### What is expected
Only one stretch of the data below is wanted: the lines from the one with "- Iran has 64.8M" through the one with "In a surreal", repeated exactly.

### Data supplied
□ □ □
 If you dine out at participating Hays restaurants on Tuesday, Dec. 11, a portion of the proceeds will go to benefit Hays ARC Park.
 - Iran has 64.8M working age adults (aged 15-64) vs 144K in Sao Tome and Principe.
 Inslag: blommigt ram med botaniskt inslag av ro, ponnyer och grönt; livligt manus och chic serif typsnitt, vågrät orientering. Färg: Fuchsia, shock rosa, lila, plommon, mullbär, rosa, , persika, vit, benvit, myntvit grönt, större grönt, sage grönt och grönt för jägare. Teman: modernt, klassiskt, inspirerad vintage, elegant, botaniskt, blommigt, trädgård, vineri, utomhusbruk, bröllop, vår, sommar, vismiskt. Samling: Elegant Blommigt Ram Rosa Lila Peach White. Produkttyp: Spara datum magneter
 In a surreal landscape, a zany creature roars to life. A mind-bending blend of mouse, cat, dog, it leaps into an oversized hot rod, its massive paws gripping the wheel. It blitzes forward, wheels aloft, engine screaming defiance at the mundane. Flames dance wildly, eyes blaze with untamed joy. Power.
□ □ □
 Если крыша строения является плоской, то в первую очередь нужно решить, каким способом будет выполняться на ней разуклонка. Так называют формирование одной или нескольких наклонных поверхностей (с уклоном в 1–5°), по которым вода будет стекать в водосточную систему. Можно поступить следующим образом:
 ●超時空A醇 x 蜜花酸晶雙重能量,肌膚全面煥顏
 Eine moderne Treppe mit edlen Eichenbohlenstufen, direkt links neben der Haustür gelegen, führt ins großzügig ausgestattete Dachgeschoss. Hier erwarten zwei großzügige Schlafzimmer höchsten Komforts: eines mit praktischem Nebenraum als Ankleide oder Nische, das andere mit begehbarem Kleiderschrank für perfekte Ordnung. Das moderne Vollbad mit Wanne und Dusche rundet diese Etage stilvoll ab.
□ □ □
### Solution for this task
 - Iran has 64.8M working age adults (aged 15-64) vs 144K in Sao Tome and Principe.
 Inslag: blommigt ram med botaniskt inslag av ro, ponnyer och grönt; livligt manus och chic serif typsnitt, vågrät orientering. Färg: Fuchsia, shock rosa, lila, plommon, mullbär, rosa, , persika, vit, benvit, myntvit grönt, större grönt, sage grönt och grönt för jägare. Teman: modernt, klassiskt, inspirerad vintage, elegant, botaniskt, blommigt, trädgård, vineri, utomhusbruk, bröllop, vår, sommar, vismiskt. Samling: Elegant Blommigt Ram Rosa Lila Peach White. Produkttyp: Spara datum magneter
 In a surreal landscape, a zany creature roars to life. A mind-bending blend of mouse, cat, dog, it leaps into an oversized hot rod, its massive paws gripping the wheel. It blitzes forward, wheels aloft, engine screaming defiance at the mundane. Flames dance wildly, eyes blaze with untamed joy. Power.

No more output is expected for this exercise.